An exact restatement of the entire listing is needed, excluding all images.

# The data:
====================
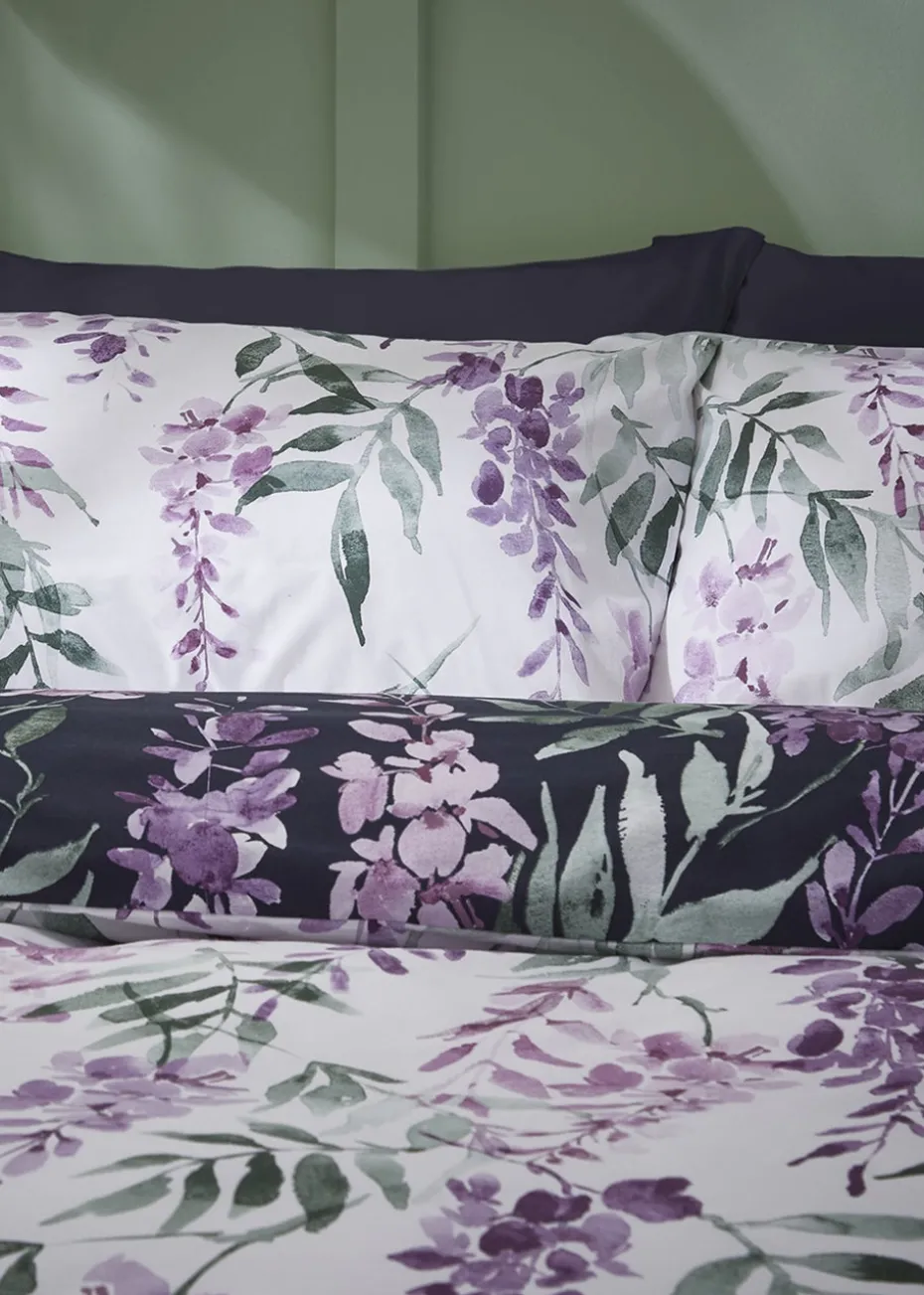 Bring the beauty of the outside in with this whimsical wisteria bedlinen. Painterly style flowers with contrasting backdrops trail down this fully reversible bedlinen, fashioning a beautiful look for all seasons. Created from easy-care and durable polycotton fabric perfect for everyday use. Catherine Lansfield is renowned for style and quality – designed and developed in Great Britain. Ethically sourced overseas and made to quality and human-ecological safety standards, in accordance with MADE IN GREEN by OEKO-TEX®.
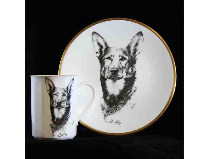 Boehm Porcelain Plate and Mug with Picture of Buddy, The First Seeing Eye Dog
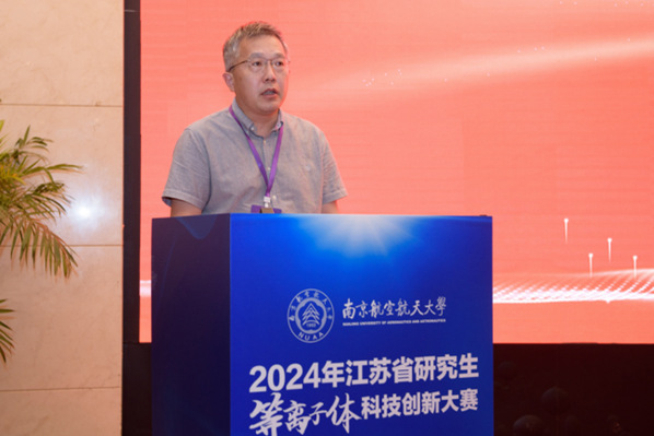 7月7日,2024年江苏省研究生等离子体科技创新大赛在南京成功举行,大赛主办单位为江苏省工学2类研究生教育指导委员会,承办单位为南京航空航天大学承办,协办单位为南京工业大学、河海大学、南京理工大学、苏曼等离子科技有限公司,指导单位为中国电工技术学会等离子体及应用专委会、中国电工技术学会青年工作委员会、江苏省真空学会等离子体专委会、江苏省电源学会、江苏省电机工程学会高压专委会。南京航空航天大学党委副书记陶勇,江苏省工学2类研究生教育指导委员会主任委员、南京邮电大学党委副书记蒋国平,中国电工技术学会组织人事部主任王振涛、江苏省工学2类研究生教育指导委员会秘书长刘芫健、江苏省工学2类研究生教育指导委员会委员江驹、中国科学院电工研究所研究员邵涛、南京工业大学电气工程与控制科学学院院长方志、南京航空航天大学研究生院院长陈兵、南京航空航天大学污污漫画 党委书记李文雷、南京航空航天大学污污漫画 院长陈谋、南京航空航天大学污污漫画 党委副书记丁琛、南京航空航天大学污污漫画 副院长宋晓峰等领导和嘉宾出席活动,来自江苏省内外十余所高校的64支队伍参加比赛。
====================
# Exercise solution:
 Bring the beauty of the outside in with this whimsical wisteria bedlinen. Painterly style flowers with contrasting backdrops trail down this fully reversible bedlinen, fashioning a beautiful look for all seasons. Created from easy-care and durable polycotton fabric perfect for everyday use. Catherine Lansfield is renowned for style and quality – designed and developed in Great Britain. Ethically sourced overseas and made to quality and human-ecological safety standards, in accordance with MADE IN GREEN by OEKO-TEX®.
 Boehm Porcelain Plate and Mug with Picture of Buddy, The First Seeing Eye Dog
 7月7日,2024年江苏省研究生等离子体科技创新大赛在南京成功举行,大赛主办单位为江苏省工学2类研究生教育指导委员会,承办单位为南京航空航天大学承办,协办单位为南京工业大学、河海大学、南京理工大学、苏曼等离子科技有限公司,指导单位为中国电工技术学会等离子体及应用专委会、中国电工技术学会青年工作委员会、江苏省真空学会等离子体专委会、江苏省电源学会、江苏省电机工程学会高压专委会。南京航空航天大学党委副书记陶勇,江苏省工学2类研究生教育指导委员会主任委员、南京邮电大学党委副书记蒋国平,中国电工技术学会组织人事部主任王振涛、江苏省工学2类研究生教育指导委员会秘书长刘芫健、江苏省工学2类研究生教育指导委员会委员江驹、中国科学院电工研究所研究员邵涛、南京工业大学电气工程与控制科学学院院长方志、南京航空航天大学研究生院院长陈兵、南京航空航天大学污污漫画 党委书记李文雷、南京航空航天大学污污漫画 院长陈谋、南京航空航天大学污污漫画 党委副书记丁琛、南京航空航天大学污污漫画 副院长宋晓峰等领导和嘉宾出席活动,来自江苏省内外十余所高校的64支队伍参加比赛。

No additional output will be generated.